Your proposed API is a step in the direction for meeting their requirement.
The major change is that ioctl (or whatever method) should expose the
layers topology of a specific object, not only the overlay instance.

For C/R you would query the layers topology of the overlay root dir.

My comments of the specific methods below are not meant to
object to the choice of ioctl, but they are meant to give the alternative
a fair chance. I am kind of leaning towards ioctl myself.
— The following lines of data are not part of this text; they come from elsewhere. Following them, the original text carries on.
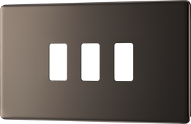 BG Nexus GFBN3 Grid Black Nickel Screwless 3 Gang Front Plate Bg Nexus Screwless Finish: Black Nickel Requires 1X Gfr34Fp Grid Frame (Sold Separately) Matches The Bg Flat Plate Screwless Black Nickel Range British Gener...
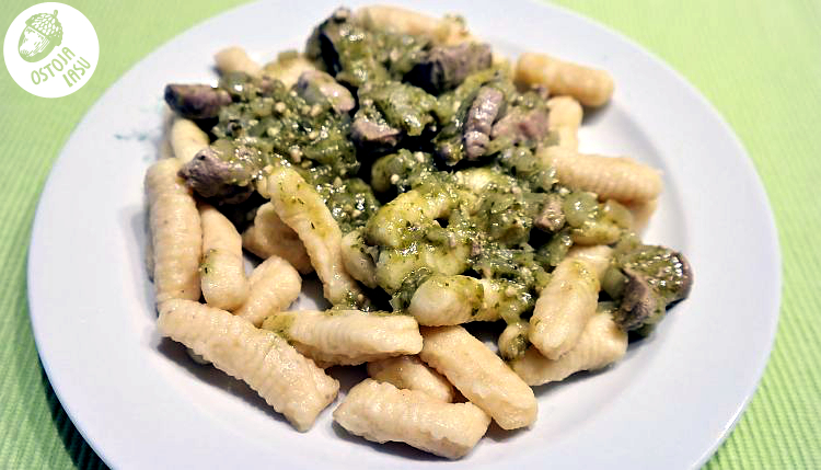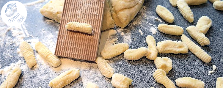 Przygotowanie:Ziemniaki, jak w przypadku dobrze nam znanych kopytek, należy ugotować wcześniej i najlepiej od razu rozgnieść praską. Dać im chwilę na odparowanie i przestygnięcie. Póki jeszcze są ciepłe dodajemy jajko i mąkę, oraz doprawiamy szczyptą soli. Wyrabiamy ciasto, aby było sprężyste i nie kleiło się do ręki. Oprószamy blat mąką. Dzielimy ciasto na mniejsze kawałki i kształtujemy je w wałki, które następnie kroimy na mniejsze. Tak jak przy kopytach. Tyle, że tutaj dopiero zaczyna się zabawa. Musimy przecież nadać naszym kluskom kształt gniotków. Są dwa na to sposoby. Albo używamy "specjalistycznego" urządzenia w postaci drewnianej deseczki z wyżłobieniami lub widelca. Jako, że posiadam ten niezwykle wyrafinowany przedmiot, to jego właśnie używałam do produkcji moich ziemniaczanych grudek. Trzeba po prostu sturlać kluskę po deseczce lub widelcu. Trochę wprawy i będą jak u włoskiej babci, czy pierwszorzędnej włoskiej restauracji. Jak widać po zdjęciach - moje nie są zbyt urodziwe. Ważne, że smaczne, czyż nie? Gotujemy w osolonej, wrzącej wodzie. Odcedzamy jak tylko wypłyną.
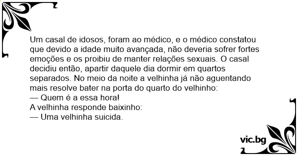 Um casal de idosos, foram ao médico, e o médico constatou que devido a idade muito avançada, não deveria sofrer fortes emoções e os proibiu de manter relações sexuais. O casal decidiu então, apartir daquele dia dormir em quartos separados. No meio da noite a velhinha já não aguentando mais resolve bater na porta do quarto do velhinho:
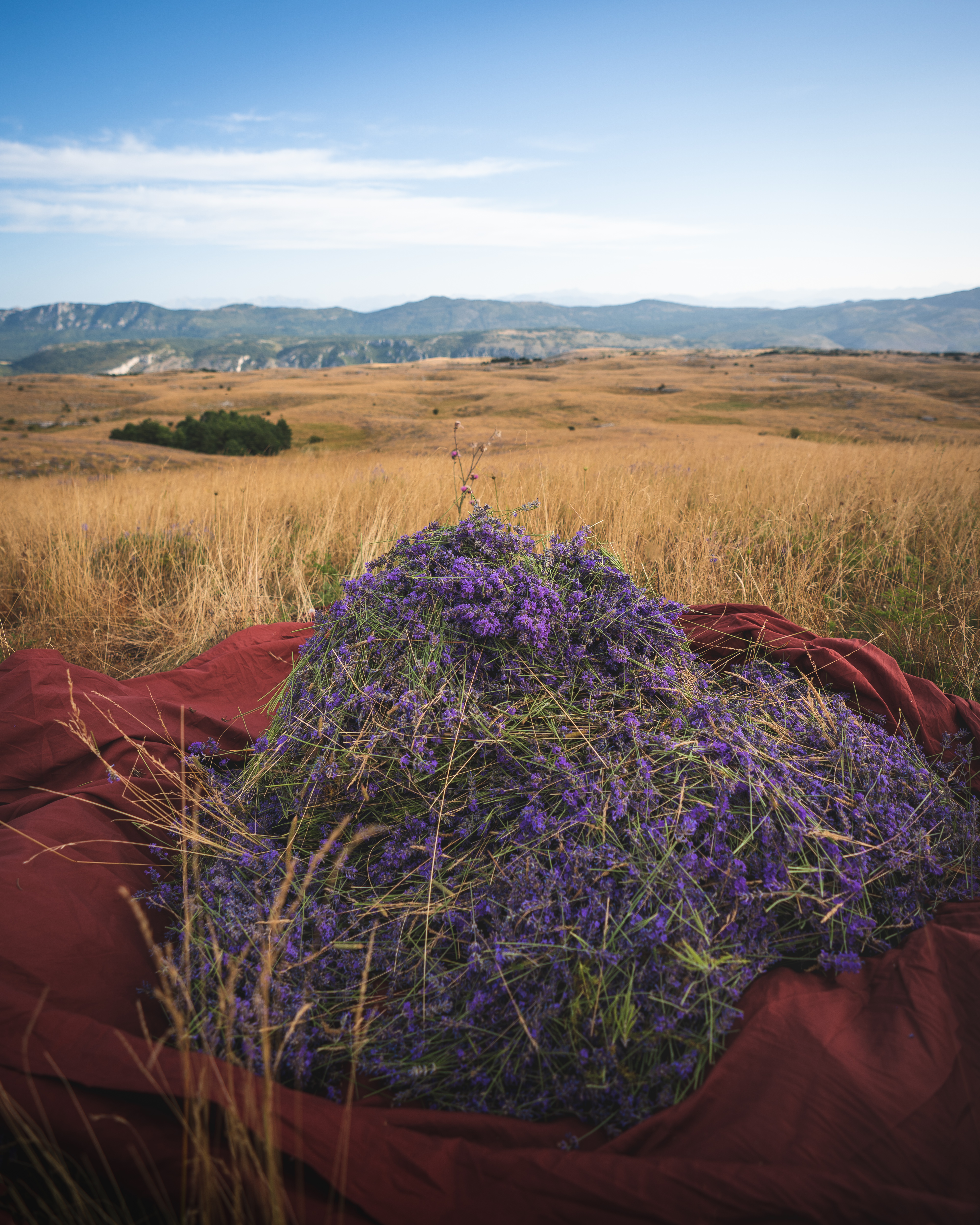 A true art, this ancestral know-how is transmitted among pickers from year to year. Hand-picking is also combined with an ancient technique of a large sheet crossed in the back, and in which the cut lavender is collected. Gradually, these sheets filled with plants are emptied into other large sheets placed on the ground. Tied at each corner, the bundles thus formed allow plants to be harvested in large quantities, up to about 90 kilograms, and to preserve their essence. Collected just a few hours later in the wild hills of the Plateau de Caussols, the freshly harvested flowers are directly transported to our distillery where our organic and 100% natural Essential Oil and Hydrosol of Lavandula angustifolia are produced with special care and according to the Florihana distillation process at very low temperature.
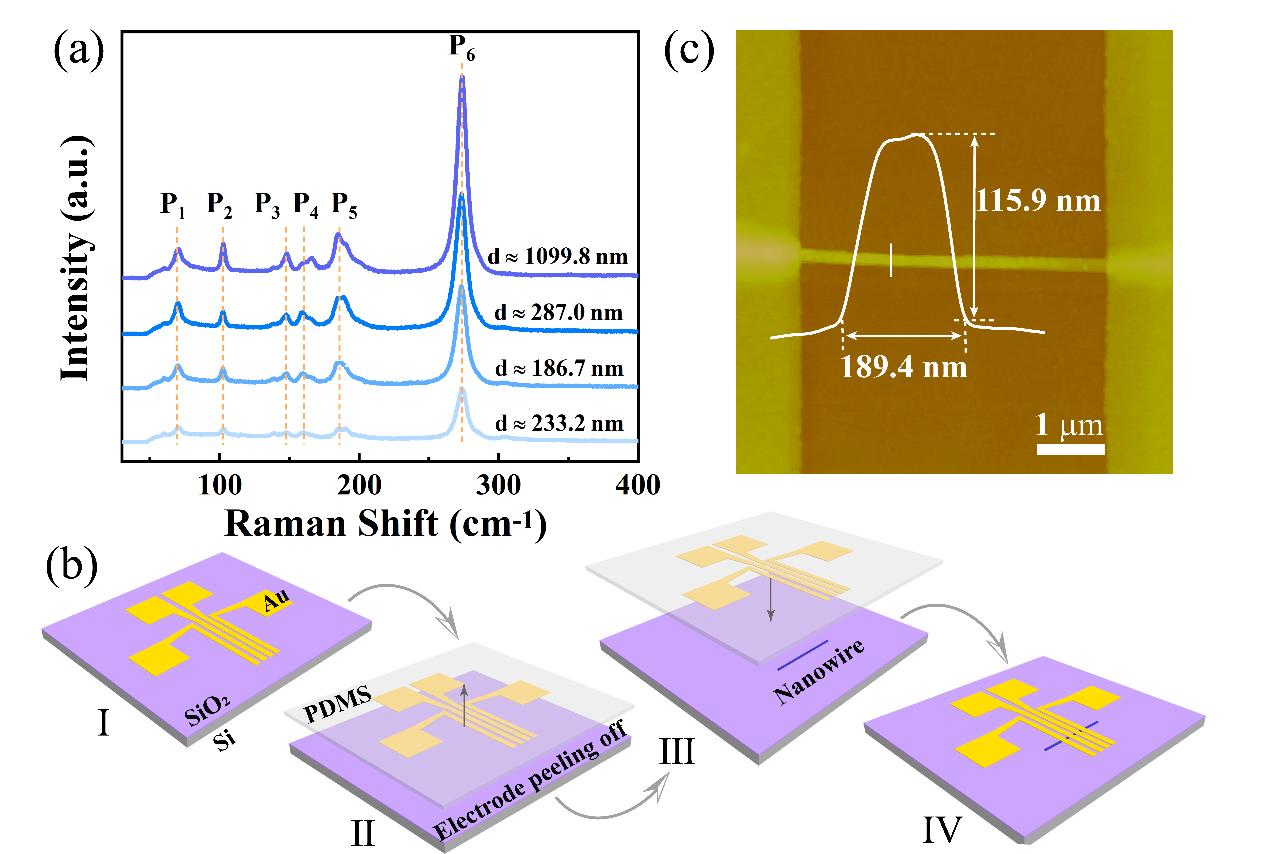 图2. (TaSe4)2I的拉曼表征及光电探测器的制备
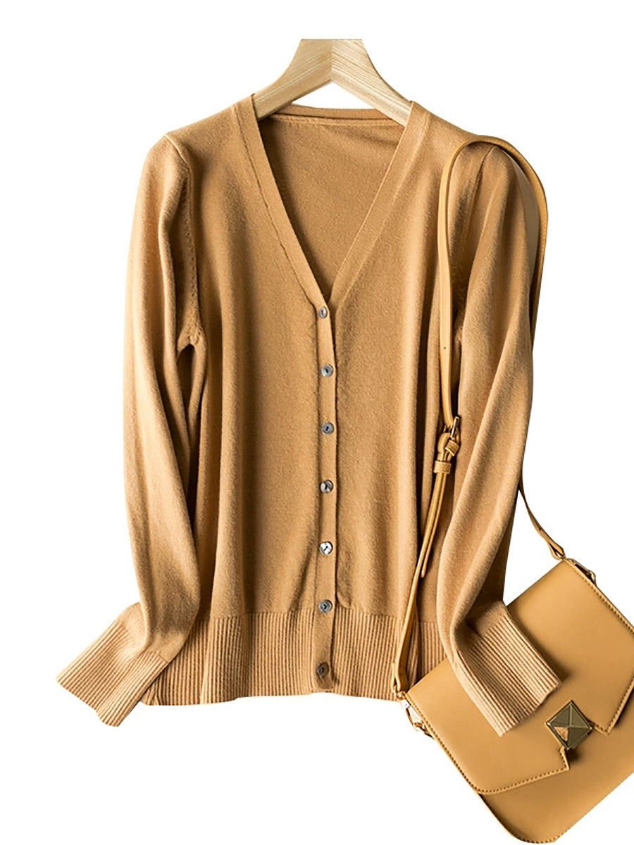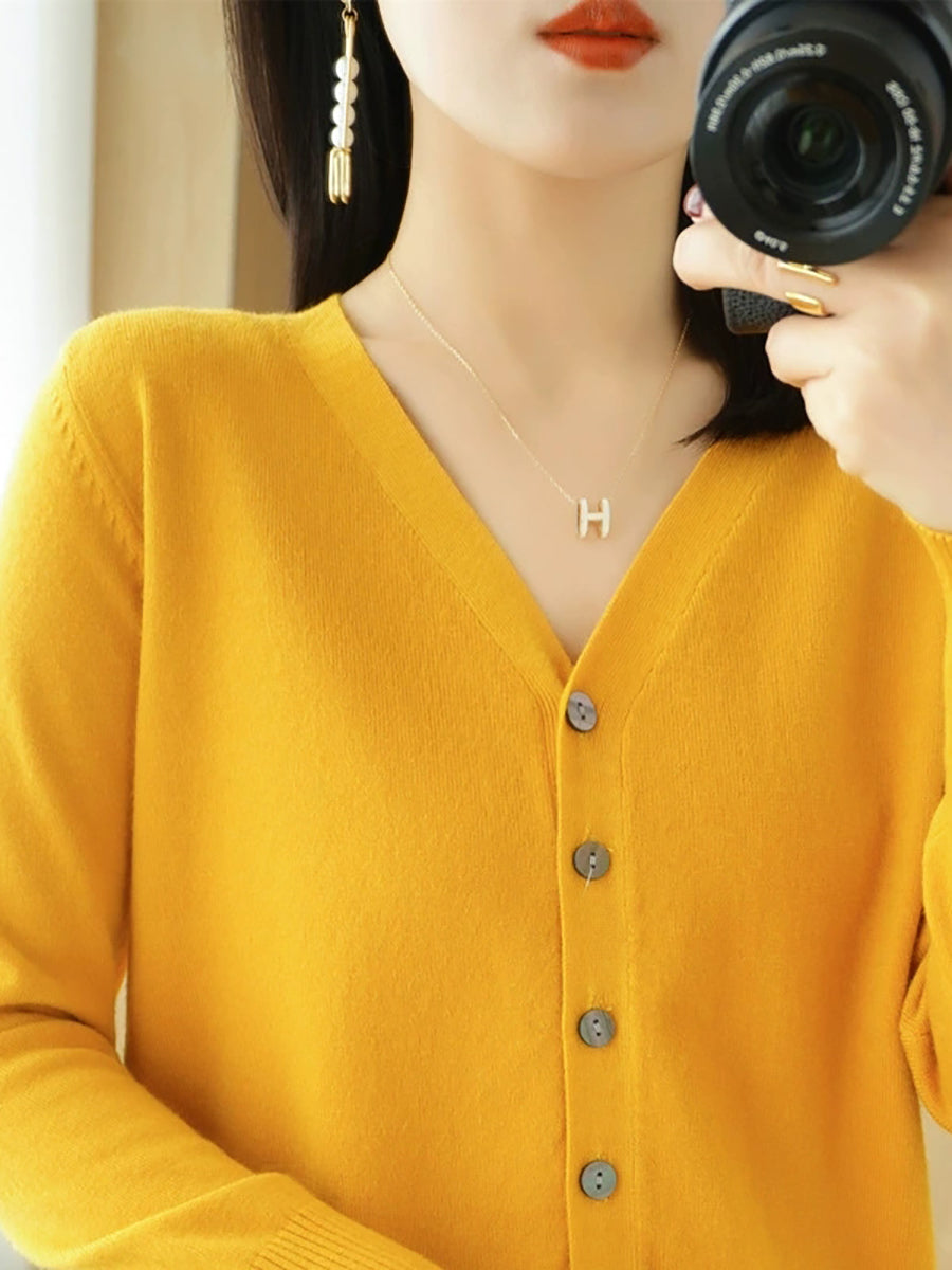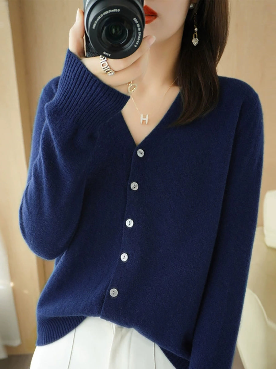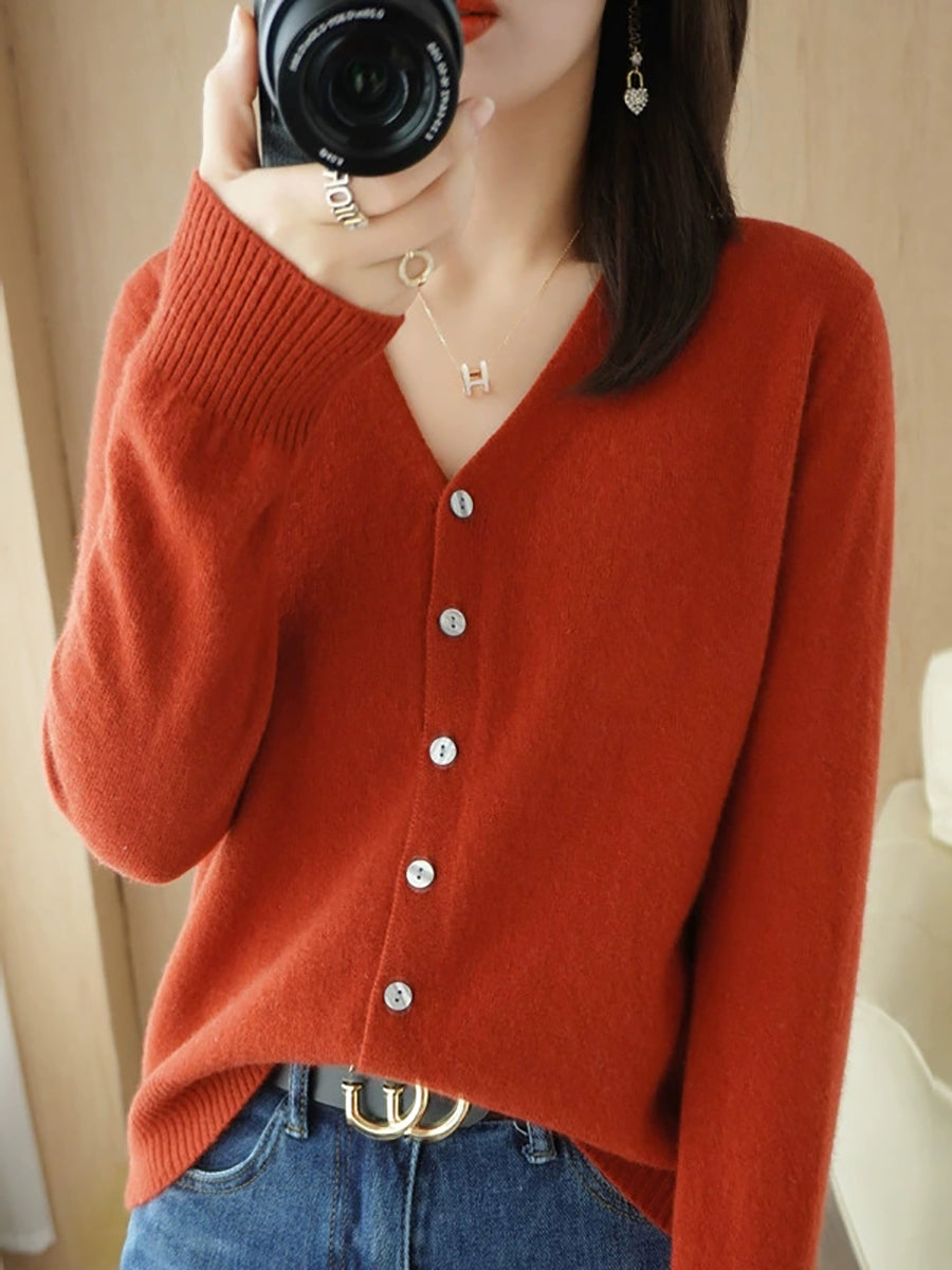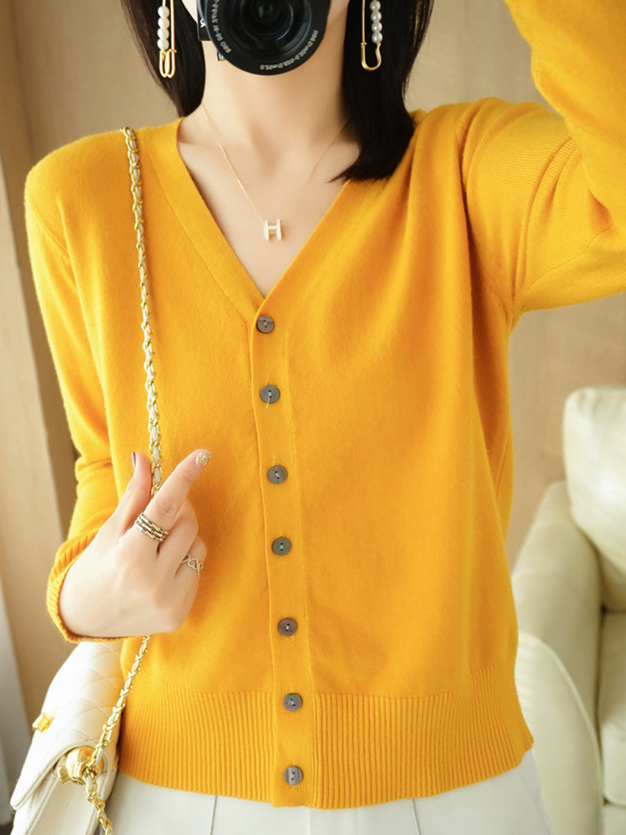 Damen-Frühlingspullover, lässig, einfarbig, V-Ausschnitt

> But there is question. How to export this {s_dev; fhandle} from kernel to userspace?
> - We decided not to use procfs.

Why not?
C/R already uses procfs to export fhandle for fanotify/inotify
I kind of like the idea of having /sys/fs/overlay/instances etc.
It could be useful to many things.

> - Amir proposed solution - use xattrs. But after diving into it I've meet problem
> where I can set this xattrs?
> If I set this xattrs on overlayfs dentries then during rsync, or cp -p=xattr we will copy
> this temporary information.

No you won't.
rsync, cp will only copy xattrs listed with listxattr.
Several filesystems, such as cifs and nfs export "object properties"
via private xattrs
that are not listed in listxattr (e.g. CIFS_XATTR_CIFS_ACL).
You are not limited in what you can do in the "trusted.overlay" namespace, for
example "trusted.overlay.layers.0.fh"

The advantage is that it is very easy to implement and requires
less discussions about ABI, but I agree it does feel a bit like a hack.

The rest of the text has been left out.